*PROBLEM DETAILS*
Among the lines below, take the one holding "Cartão Postal De", the one holding "ロング丈・ウエスト: ゆったり・デザイン: ポケット", and all lines between them. Set them down exactly.

*RECORD EXTRACTS*
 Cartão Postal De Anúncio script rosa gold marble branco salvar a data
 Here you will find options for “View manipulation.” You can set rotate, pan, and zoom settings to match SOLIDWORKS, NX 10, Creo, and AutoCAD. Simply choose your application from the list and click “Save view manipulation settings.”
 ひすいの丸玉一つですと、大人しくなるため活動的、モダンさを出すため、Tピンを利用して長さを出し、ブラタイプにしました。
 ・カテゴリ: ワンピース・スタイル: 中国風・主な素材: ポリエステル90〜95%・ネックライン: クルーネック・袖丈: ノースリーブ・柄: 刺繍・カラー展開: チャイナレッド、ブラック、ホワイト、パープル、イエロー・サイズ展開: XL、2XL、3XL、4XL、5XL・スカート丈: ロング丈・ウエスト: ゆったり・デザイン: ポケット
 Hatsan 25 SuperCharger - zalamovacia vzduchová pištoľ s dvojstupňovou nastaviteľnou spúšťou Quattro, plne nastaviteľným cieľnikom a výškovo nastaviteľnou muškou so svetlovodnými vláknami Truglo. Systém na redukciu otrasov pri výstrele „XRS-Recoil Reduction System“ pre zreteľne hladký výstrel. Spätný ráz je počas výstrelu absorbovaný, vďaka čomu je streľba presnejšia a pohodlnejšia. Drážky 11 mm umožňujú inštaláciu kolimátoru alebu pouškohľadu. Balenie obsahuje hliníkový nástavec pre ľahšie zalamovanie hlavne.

==

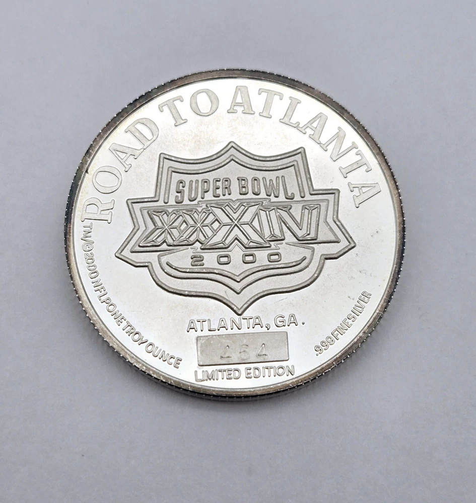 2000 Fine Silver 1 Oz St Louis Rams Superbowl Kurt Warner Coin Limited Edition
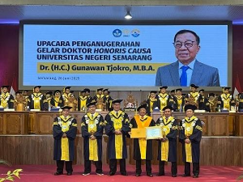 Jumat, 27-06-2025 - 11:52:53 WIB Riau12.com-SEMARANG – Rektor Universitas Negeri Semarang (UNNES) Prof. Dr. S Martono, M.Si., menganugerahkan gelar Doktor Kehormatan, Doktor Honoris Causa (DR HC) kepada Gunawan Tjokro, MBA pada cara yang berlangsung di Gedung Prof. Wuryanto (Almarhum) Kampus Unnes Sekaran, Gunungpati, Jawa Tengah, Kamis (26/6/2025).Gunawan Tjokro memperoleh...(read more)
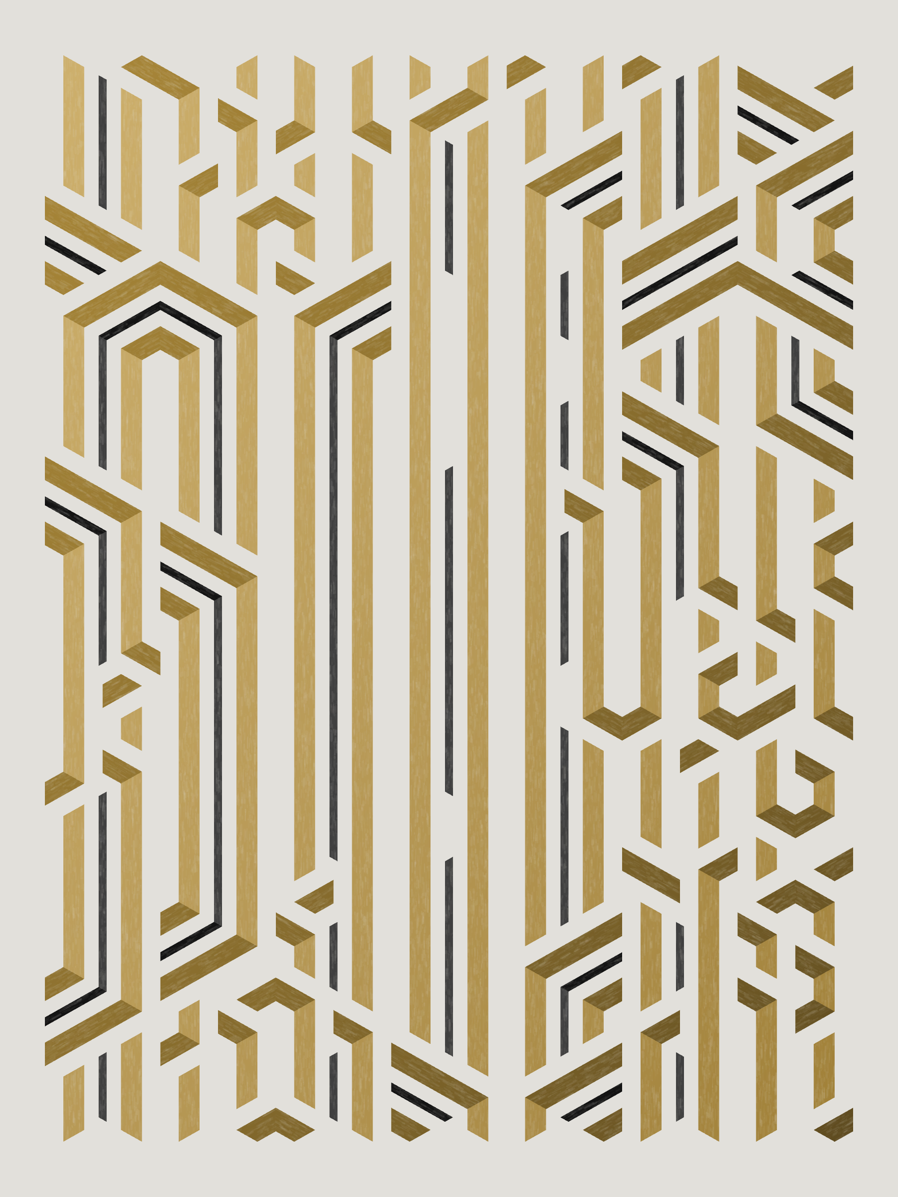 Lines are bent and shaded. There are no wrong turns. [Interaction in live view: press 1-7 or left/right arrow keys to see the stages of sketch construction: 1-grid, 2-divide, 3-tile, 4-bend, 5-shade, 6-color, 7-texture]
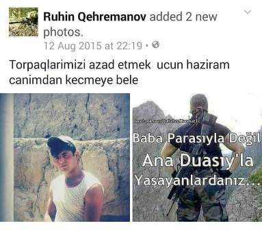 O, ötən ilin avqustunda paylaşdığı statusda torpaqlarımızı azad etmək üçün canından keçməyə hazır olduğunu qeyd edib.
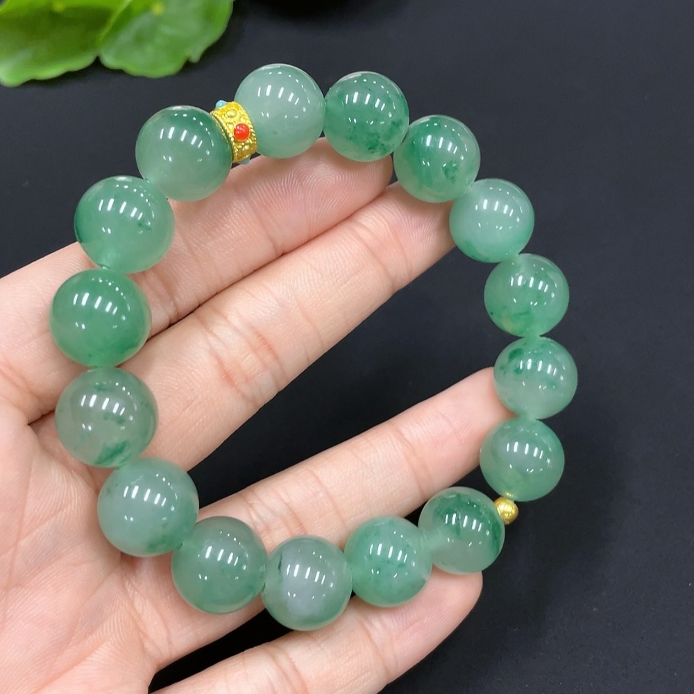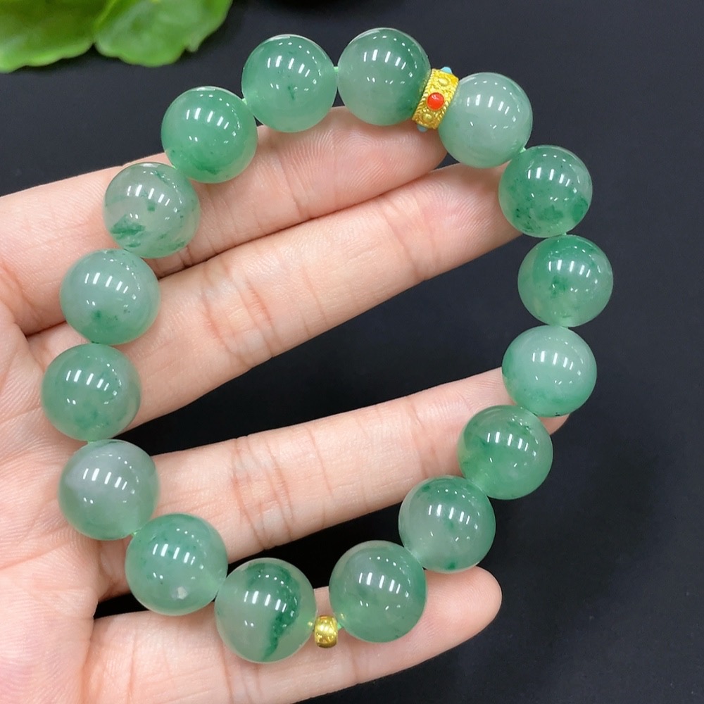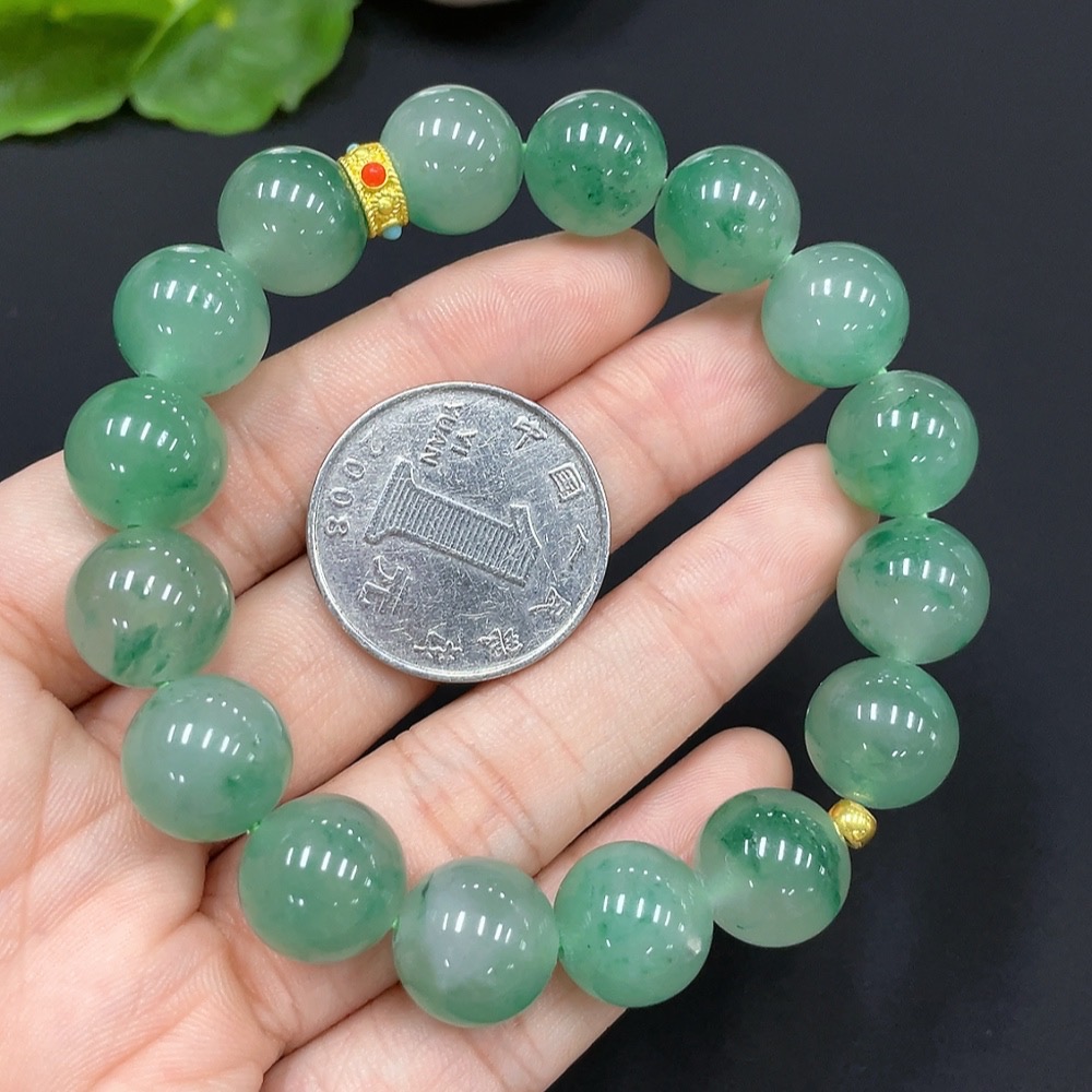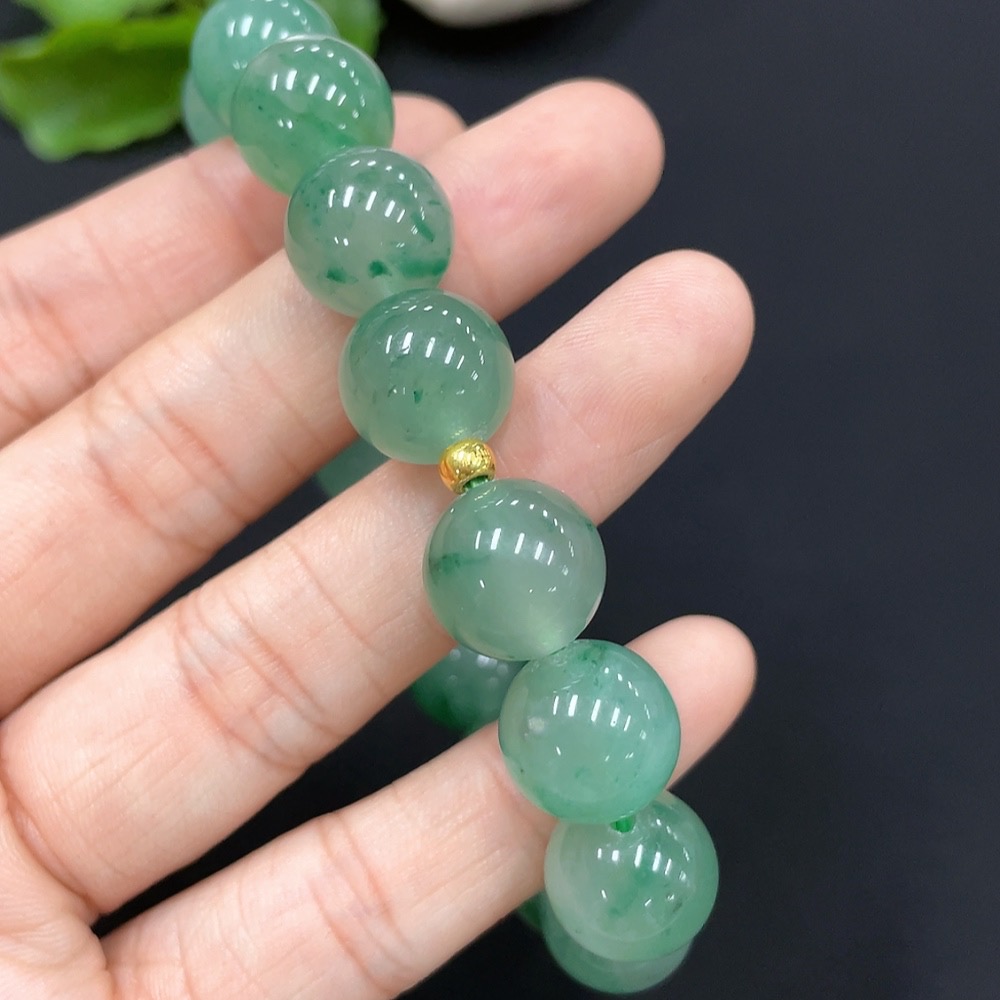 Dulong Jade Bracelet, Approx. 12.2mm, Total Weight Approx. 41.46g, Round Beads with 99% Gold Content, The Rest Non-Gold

* * *

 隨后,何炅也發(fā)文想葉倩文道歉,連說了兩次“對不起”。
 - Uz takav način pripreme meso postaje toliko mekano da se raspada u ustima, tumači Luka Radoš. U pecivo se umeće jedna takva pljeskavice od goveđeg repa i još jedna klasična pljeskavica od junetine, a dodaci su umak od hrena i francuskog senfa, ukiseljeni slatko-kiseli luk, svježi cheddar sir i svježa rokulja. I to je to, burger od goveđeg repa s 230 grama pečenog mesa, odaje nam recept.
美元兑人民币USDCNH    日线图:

*PROBLEM SOLUTION*
 Cartão Postal De Anúncio script rosa gold marble branco salvar a data
 Here you will find options for “View manipulation.” You can set rotate, pan, and zoom settings to match SOLIDWORKS, NX 10, Creo, and AutoCAD. Simply choose your application from the list and click “Save view manipulation settings.”
 ひすいの丸玉一つですと、大人しくなるため活動的、モダンさを出すため、Tピンを利用して長さを出し、ブラタイプにしました。
 ・カテゴリ: ワンピース・スタイル: 中国風・主な素材: ポリエステル90〜95%・ネックライン: クルーネック・袖丈: ノースリーブ・柄: 刺繍・カラー展開: チャイナレッド、ブラック、ホワイト、パープル、イエロー・サイズ展開: XL、2XL、3XL、4XL、5XL・スカート丈: ロング丈・ウエスト: ゆったり・デザイン: ポケット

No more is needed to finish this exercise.